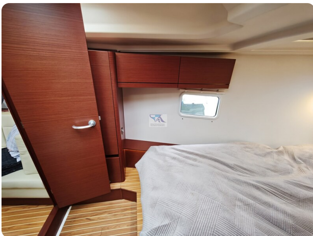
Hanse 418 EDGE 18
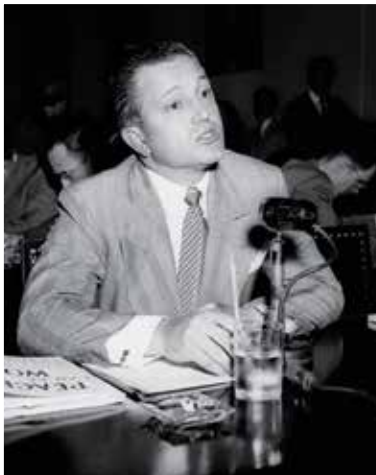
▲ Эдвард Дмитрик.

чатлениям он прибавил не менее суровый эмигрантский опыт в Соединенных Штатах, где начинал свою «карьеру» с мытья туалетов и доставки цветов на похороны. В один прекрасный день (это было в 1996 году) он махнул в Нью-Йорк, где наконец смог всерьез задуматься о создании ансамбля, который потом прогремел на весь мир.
...
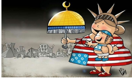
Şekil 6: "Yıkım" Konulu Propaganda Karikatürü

> **YOUR GOAL**
Look through the material above. Transcribe exactly the lines between the ones with "Hanse 418 EDGE 18" and "чатлениям он прибавил", inclusive, and keep pictures out.

> **WRITTEN SOLUTION**
Hanse 418 EDGE 18
▲ Эдвард Дмитрик.

чатлениям он прибавил не менее суровый эмигрантский опыт в Соединенных Штатах, где начинал свою «карьеру» с мытья туалетов и доставки цветов на похороны. В один прекрасный день (это было в 1996 году) он махнул в Нью-Йорк, где наконец смог всерьез задуматься о создании ансамбля, который потом прогремел на весь мир.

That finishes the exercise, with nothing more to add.